Posted by Ron Cheramie
The Cajun Hedgehog
Member since Aug 2016
5601 posts
Posted on 11/6/24 at 2:11 pm to
Have you thought about asking your guide for this advice?
Posted by smoked hog
Arkansas
Member since Nov 2006
1892 posts
Posted on 11/6/24 at 2:51 pm to
Absolutely. I guide ducks 30ish days a year so I've learned that asking the guide is a hell of a head start. I've also learned that the people who do it every day will sometimes take things for granted that they assumed everyone will know.

What I'm doing here is asking if anyone who has only done it a few times had advice that the guide may not consider.
Posted by AwgustaDawg
CSRA
Member since Jan 2023
13728 posts
Posted on 11/7/24 at 5:11 am to
quote:


I'm going to do my best to avoid scaup, we kill more at our guide service than probably the rest of the state combined.

But the guide has been on the old squaw pretty hard lately and there is always a chance to run into some scoter or golden eye. If wind gets up past 15 mph we are considering jumping over to the marsh. He's seen some black ducks lately and that will suddenly become a very expensive taxidermy trip.

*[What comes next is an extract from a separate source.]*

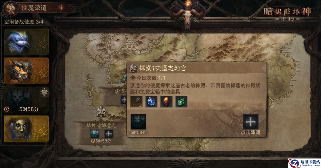 全新玩法,打开新局面!在新版本【决战迪亚波罗】中,庇护之地还迎来了全新玩法“使魔派遣”。现在玩家可以通过妮萨派遣备战使魔,帮助完成赫拉迪姆遗志地宫探索、暗影会密谋行动、灾厄之塔贡献点获取,派遣结束后即可轻松收获奖励。

I will probably be taken to task but I like scaup LOL. Depending on what they have been eating they eat very good. Also probably based on the bulk of my duck hunting experience in North Georgia where scaup and ringnecks are about the only birds seen other than woodies 20 minutes before and after shooting time. I can remember seasons in the 80s when I would shoot more black ducks than mallards....when you kill 1-2 blacks in 30 days of hunting and haven't seen a mallard close to the spread that will happen.

Sounds like its going to be a good trip. Layout boat hunting is unbelievably productive in my experience. Also sounds like a good guide....has a backup plan that is intriguing instead of a hope and a prayer back up plan.
Posted by smoked hog
Arkansas
Member since Nov 2006
1892 posts
Posted on 11/7/24 at 8:21 am to
quote:

I will probably be taken to task but I like scaup LOL


Oh I love them, they are the spoonies of the divers. Always there to keep you from getting skunked. Its just that we kill so dang many, I'm going to be holding out for something different.
Posted by SmoothBox
Member since May 2023
2685 posts
Posted on 11/7/24 at 10:46 am to
It’s interesting. The best way to do it is to have your gun shouldered while laying down so you just have to sit up, take safety off and shoot.

It will probably take a few goes to get used to shooting the water movement, the bouncing from the waves is weird. It’s a good time and those birds fly extremely fast especially if they can catch the wind.
Posted by BillyGibbons
St. Somewhere
Member since Mar 2020
787 posts
Posted on 11/7/24 at 2:19 pm to
What model Gheenoe do you have and is it setup special for layout hunting?

I’ve been thinking about getting one to get my son and I on the water more and have the option to hunt skinny marsh sounds pretty good.